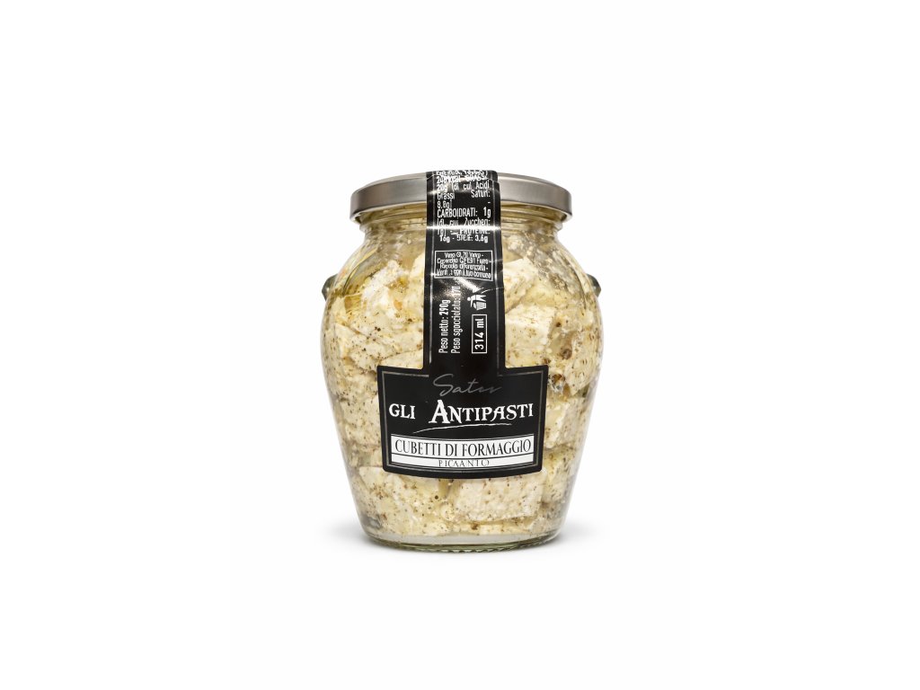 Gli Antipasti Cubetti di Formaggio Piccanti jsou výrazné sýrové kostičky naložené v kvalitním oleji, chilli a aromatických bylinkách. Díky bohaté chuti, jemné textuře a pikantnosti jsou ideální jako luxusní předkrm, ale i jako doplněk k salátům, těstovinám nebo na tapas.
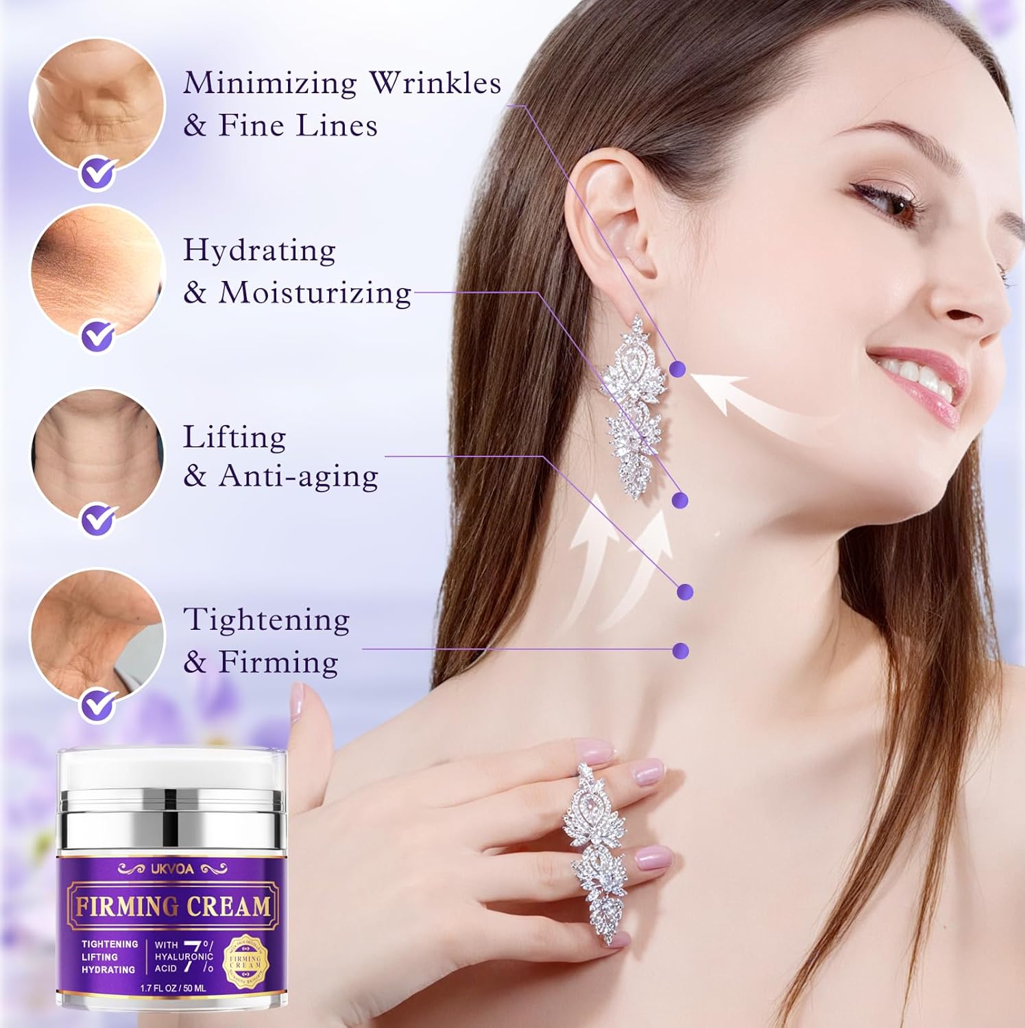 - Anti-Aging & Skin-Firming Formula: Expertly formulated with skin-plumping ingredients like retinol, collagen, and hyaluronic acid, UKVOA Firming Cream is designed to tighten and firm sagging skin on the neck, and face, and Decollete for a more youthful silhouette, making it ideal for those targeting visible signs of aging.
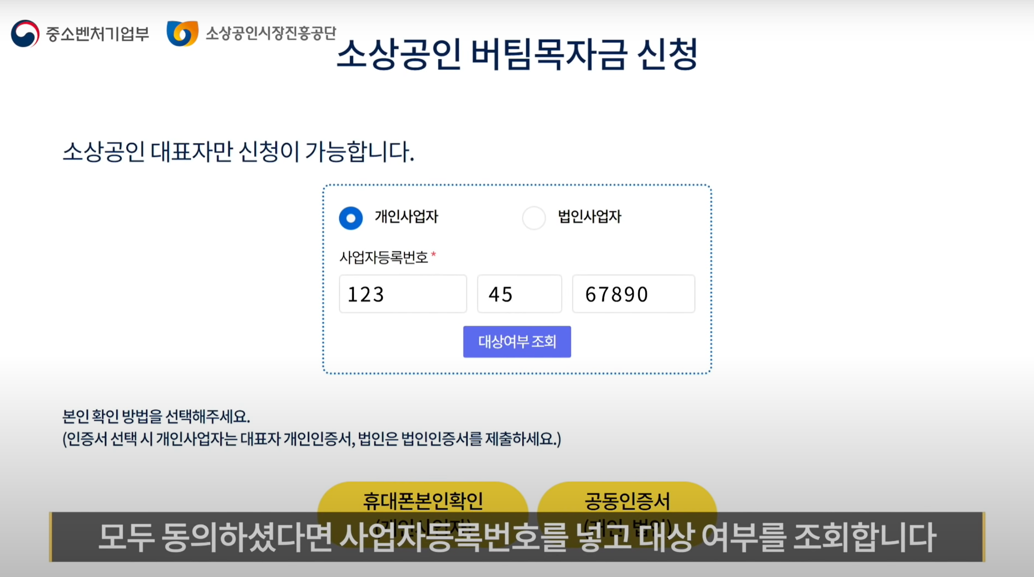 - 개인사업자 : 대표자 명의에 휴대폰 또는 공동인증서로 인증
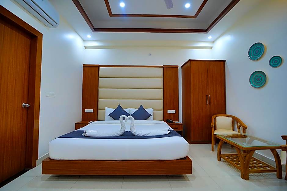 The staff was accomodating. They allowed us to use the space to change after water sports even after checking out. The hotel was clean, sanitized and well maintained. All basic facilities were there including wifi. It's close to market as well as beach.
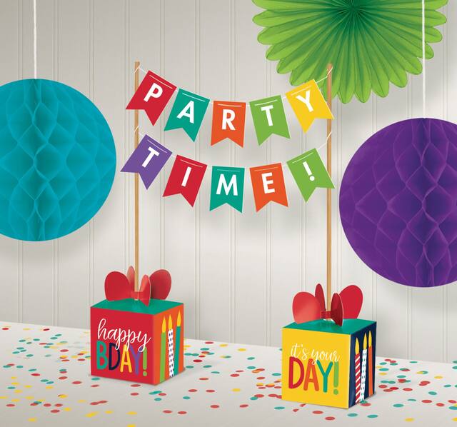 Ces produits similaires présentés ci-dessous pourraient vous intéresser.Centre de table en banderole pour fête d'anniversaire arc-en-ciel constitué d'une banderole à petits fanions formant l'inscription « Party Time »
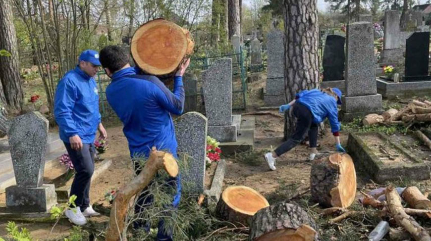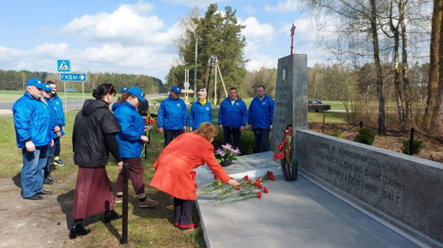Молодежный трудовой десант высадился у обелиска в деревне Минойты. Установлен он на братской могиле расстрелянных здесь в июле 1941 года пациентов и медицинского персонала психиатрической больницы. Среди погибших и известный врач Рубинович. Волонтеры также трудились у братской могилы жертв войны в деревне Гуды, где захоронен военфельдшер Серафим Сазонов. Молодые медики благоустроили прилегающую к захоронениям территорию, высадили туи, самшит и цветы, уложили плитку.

+-------+

**Your goal**
Each entry above must be set down word for word; none of its pictures belong in the copy.

**Task answer**
 Gli Antipasti Cubetti di Formaggio Piccanti jsou výrazné sýrové kostičky naložené v kvalitním oleji, chilli a aromatických bylinkách. Díky bohaté chuti, jemné textuře a pikantnosti jsou ideální jako luxusní předkrm, ale i jako doplněk k salátům, těstovinám nebo na tapas.
 - Anti-Aging & Skin-Firming Formula: Expertly formulated with skin-plumping ingredients like retinol, collagen, and hyaluronic acid, UKVOA Firming Cream is designed to tighten and firm sagging skin on the neck, and face, and Decollete for a more youthful silhouette, making it ideal for those targeting visible signs of aging.
 - 개인사업자 : 대표자 명의에 휴대폰 또는 공동인증서로 인증
 The staff was accomodating. They allowed us to use the space to change after water sports even after checking out. The hotel was clean, sanitized and well maintained. All basic facilities were there including wifi. It's close to market as well as beach.
 Ces produits similaires présentés ci-dessous pourraient vous intéresser.Centre de table en banderole pour fête d'anniversaire arc-en-ciel constitué d'une banderole à petits fanions formant l'inscription « Party Time »
Молодежный трудовой десант высадился у обелиска в деревне Минойты. Установлен он на братской могиле расстрелянных здесь в июле 1941 года пациентов и медицинского персонала психиатрической больницы. Среди погибших и известный врач Рубинович. Волонтеры также трудились у братской могилы жертв войны в деревне Гуды, где захоронен военфельдшер Серафим Сазонов. Молодые медики благоустроили прилегающую к захоронениям территорию, высадили туи, самшит и цветы, уложили плитку.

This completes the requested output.